2. **Update `configs/yes_no_ilora_uc_cd.yaml`**:
   ```yaml
   model_name: "path/to/Qwen3-8B"
   save_dataset_path: "dataset/processed_data/IBD_UC_CD_yes_no"
   ```

3. **Create dataset**:
   ```bash
   python Task2/src/datasetCreate/yes_no_datasetCreate_uc_cd.py \
     --config_path configs/yes_no_datasetCreate_uc_cd.yaml
   ```

4. **Train**:
   ```bash
   python Task2/src/ilora/main_ilora.py \
     --config_path configs/yes_no_ilora_uc_cd.yaml
   ```
   Checkpoints: `outputs/yes_no_ilora_uc_cd/checkpoints/`

---

## Configuration

**Task1** (`Task1/config.yaml`): Model path, dataset paths.

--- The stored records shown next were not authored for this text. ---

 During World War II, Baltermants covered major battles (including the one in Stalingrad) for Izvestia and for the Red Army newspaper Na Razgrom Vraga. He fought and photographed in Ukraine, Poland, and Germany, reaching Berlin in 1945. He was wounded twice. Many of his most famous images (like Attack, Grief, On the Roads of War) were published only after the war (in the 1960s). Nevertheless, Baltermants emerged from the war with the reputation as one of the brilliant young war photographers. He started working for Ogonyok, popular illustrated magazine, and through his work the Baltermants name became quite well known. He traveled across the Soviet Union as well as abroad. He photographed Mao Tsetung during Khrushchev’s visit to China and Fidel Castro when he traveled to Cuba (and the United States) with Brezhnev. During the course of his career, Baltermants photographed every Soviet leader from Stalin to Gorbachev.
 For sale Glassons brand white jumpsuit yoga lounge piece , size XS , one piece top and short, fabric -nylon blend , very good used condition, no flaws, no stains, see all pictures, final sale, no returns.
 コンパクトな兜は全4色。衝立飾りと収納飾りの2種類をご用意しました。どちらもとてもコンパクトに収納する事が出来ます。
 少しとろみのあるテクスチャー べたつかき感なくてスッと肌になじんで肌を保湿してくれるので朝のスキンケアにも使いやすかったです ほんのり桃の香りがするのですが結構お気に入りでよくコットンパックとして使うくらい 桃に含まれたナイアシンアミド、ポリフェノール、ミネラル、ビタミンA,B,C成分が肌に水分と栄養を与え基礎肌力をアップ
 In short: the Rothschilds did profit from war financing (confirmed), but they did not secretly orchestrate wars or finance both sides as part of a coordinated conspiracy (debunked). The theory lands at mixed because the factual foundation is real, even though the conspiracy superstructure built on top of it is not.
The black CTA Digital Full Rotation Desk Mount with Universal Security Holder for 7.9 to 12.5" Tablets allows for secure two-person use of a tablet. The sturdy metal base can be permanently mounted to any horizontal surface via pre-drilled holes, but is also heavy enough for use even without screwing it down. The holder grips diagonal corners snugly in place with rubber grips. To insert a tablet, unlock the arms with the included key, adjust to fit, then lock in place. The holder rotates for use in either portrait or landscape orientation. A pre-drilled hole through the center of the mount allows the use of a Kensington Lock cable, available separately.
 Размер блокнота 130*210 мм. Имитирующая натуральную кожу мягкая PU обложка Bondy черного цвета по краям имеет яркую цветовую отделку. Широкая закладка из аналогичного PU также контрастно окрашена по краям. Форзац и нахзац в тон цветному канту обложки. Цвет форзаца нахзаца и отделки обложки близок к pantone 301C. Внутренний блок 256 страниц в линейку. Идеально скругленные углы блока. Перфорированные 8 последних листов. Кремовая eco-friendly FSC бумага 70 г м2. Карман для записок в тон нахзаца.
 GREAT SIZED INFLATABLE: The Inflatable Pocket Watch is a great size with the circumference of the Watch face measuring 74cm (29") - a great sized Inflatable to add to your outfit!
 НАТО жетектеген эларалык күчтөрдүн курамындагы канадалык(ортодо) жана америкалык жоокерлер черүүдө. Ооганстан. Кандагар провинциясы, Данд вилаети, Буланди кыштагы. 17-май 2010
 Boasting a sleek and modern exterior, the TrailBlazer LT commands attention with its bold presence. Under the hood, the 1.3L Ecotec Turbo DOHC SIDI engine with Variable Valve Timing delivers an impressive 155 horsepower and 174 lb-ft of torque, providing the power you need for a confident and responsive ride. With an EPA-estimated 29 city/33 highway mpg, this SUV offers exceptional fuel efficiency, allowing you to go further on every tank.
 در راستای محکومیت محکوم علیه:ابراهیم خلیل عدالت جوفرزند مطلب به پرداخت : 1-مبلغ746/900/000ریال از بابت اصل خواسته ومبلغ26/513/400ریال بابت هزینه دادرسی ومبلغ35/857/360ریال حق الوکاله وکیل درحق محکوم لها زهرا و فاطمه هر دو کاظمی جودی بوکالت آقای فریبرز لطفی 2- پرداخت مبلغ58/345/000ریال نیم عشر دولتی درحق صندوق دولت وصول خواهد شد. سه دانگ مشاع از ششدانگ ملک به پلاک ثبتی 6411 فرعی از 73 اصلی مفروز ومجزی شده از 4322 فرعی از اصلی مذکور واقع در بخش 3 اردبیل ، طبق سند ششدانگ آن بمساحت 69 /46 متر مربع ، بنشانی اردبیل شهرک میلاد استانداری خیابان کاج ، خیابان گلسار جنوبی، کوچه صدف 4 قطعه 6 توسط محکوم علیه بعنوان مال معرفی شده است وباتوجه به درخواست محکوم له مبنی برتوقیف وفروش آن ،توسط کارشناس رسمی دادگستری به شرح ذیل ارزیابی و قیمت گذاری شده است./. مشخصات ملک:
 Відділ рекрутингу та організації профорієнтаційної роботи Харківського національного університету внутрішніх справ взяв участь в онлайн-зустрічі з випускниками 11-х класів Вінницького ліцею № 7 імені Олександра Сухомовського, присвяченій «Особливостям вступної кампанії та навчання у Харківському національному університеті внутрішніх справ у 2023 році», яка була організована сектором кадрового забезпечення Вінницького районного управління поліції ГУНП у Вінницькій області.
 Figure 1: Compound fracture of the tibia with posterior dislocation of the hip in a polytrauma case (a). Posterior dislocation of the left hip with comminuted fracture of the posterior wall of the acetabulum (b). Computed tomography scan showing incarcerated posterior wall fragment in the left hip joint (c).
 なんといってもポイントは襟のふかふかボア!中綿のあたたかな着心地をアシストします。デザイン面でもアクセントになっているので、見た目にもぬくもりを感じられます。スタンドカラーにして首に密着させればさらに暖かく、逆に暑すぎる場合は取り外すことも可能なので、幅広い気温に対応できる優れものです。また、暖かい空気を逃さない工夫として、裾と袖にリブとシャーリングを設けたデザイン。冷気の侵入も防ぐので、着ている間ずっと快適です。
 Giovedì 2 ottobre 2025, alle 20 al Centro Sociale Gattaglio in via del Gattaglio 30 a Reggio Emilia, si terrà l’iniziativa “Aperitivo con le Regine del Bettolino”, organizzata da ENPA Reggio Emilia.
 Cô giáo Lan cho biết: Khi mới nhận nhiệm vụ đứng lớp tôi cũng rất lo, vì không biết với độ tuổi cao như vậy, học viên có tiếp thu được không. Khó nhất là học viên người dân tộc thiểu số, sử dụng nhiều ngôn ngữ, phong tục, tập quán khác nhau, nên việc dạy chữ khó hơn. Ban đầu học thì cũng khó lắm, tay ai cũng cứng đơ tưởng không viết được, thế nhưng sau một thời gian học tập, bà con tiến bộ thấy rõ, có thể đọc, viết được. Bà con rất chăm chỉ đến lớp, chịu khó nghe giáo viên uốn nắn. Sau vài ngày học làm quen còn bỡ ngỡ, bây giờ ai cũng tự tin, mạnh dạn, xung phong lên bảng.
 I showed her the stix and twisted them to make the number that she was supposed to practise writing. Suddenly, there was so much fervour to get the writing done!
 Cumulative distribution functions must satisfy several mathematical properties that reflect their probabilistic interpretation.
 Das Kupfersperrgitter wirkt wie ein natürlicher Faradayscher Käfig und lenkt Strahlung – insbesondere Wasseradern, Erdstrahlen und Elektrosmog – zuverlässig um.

**Task2** (`configs/yes_no_ilora_uc_cd.yaml`):
```yaml
lora:
  r: 16                      # LoRA rank
  lora_alpha: 32
  target_modules: [q_proj, v_proj, k_proj, o_proj]

training:
  batch_size: 2
  num_train_epochs: 6
  learning_rate: 0.0002
  ilora_loss_weight_laplace: 1e-3
  ilora_loss_weight_binomial: 1e-3
  use_ilora: true
```

---

## Troubleshooting

| Issue | Solution |
|-------|----------|
| `ModuleNotFoundError` | Run from repo root: `python Task1/main_ilora.py` |
| `CUDA out of memory` | Reduce `batch_size` or `max_seq_length` in config |
| Model not found | Ensure path in config is correct (absolute or repo-relative) |
| Data path errors | Verify `ls Molweni-main/MRC\(withDiscourse\)/` or `ls dataset/raw_data_uc_cd/` |

---

## Project Structure

```
├── Task1/               # Molweni MRC
├── Task2/src/          # IBD classification
├── configs/            # Task2 configs
├── dataset/            # Raw & processed data
├── run/ & utils/       # Training framework
└── requirements.txt
```

---

## Dependencies

See `requirements.txt`. Key packages: torch, transformers, peft, datasets, accelerate, scikit-learn.

---

## Attribution

Includes code from **Wang-ML-Lab/bayesian-peft** (MIT License). See `THIRD_PARTY_NOTICES.txt`.